Many times the super if full of "wet" bees that refuse to descend.

Any suggestions? I know I'm doing something wrong just haven't figured it out yet. I carry a blower to finish the job the fume boards don't. Thanx

-Rob Bliss


----------



## Tom G. Laury (May 24, 2008)

Rob everything you describe is just how I do it, with deeps no less. The only thing I can see is that maybe "a few puffs" isn't enough. The bees need to get their heads turned around and started moving down before the boards are put on. If bees are too thick or clustered in the super they get drunk on beego and you have klingons, who will never move after that. Get them off the top bars and moving down. I'm sure you know that they won't leave open honey or brood without a struggle. Also never break the super off first, the exposed honey makes them stick. When working alone I use a couple dozen boards and it comes off as fast as I can jerk & stack.


----------



## alpha6 (May 12, 2008)

Rob,

I have heard that if exposed to light "Bee Go" will go bad eventually so if you have stored it outside it could be that it's not at strength. 

Other then that it could also be you are not applying enough onto the felt to really put out the scent. Try increasing the amount a bit and see if that helps. 

Last, many times when we are in a hurry all the bees don't get out of the super and we end up just thumping the super against the top edge of the hive or the edge of the flatbed. This gets rid of the last of the bees and they head back to their hive with no problems. Using a blower just seems to be labor intensive and time consuming, especially if you are harvesting lots of supers.


----------



## honeyshack (Jan 6, 2008)

is there a possible chance there is brood in the honey supers?

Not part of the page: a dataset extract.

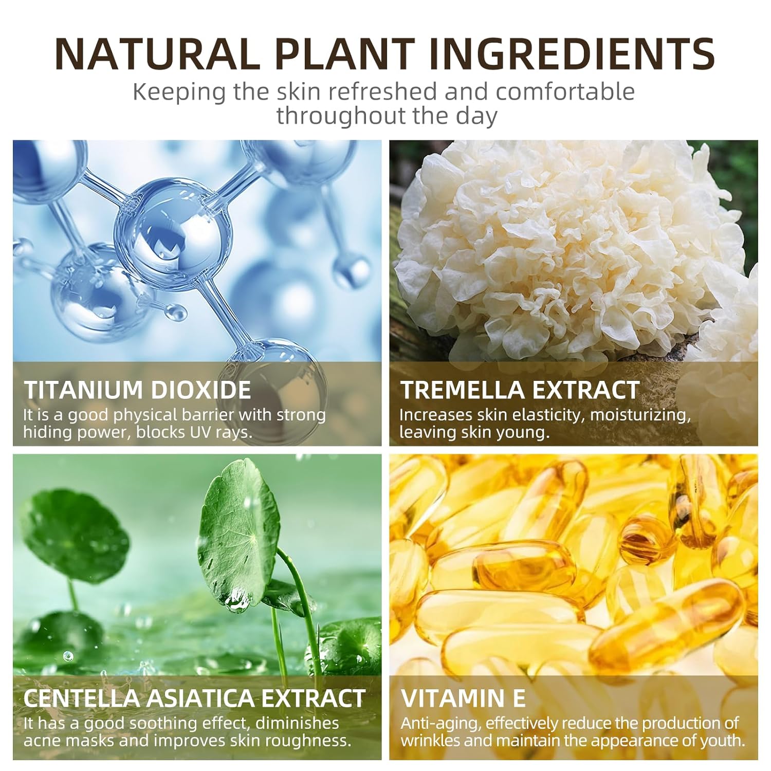 【Lengthy Lasting Concealer】The bb cream basis makes use of a skin-friendly elastic bionic movie. The delicate bionic movie presses out a fair and easy BB cream to create a full protection basis. Brightens pores and skin tone, hides blemishes, pores, and zits marks. It has a 24-hour concealer impact, doesn’t clog pores, and is delicate, comfy and breathable.

The will not leave the brood no matter what. We had that problem last year, but not the year before. Reason...we thought we did not need queen excluders and the queen moved up.


----------



## Michael Palmer (Dec 29, 2006)

pahvantpiper said:


> put the fume board on crooked to let the bees on top fly out, then straighten it after a minute or so.
> 
> Yesterday it clouded up in the afternoon and they started working better after that - go figure.


I think you're closing the board too quickly. Leave it crooked for longer...especially when you've just added repellant, or it's hot and sunny. Get the top super to clear, and then close it on the second. 

Experiment with how little repellant you can use, and how long you can leave the fume board crooked.


----------



## BEES4U (Oct 10, 2007)

The Mann Lake plastic louver style works great along the coast.
If I left them on longer than about 5 minutes the bees would boil out the entrance.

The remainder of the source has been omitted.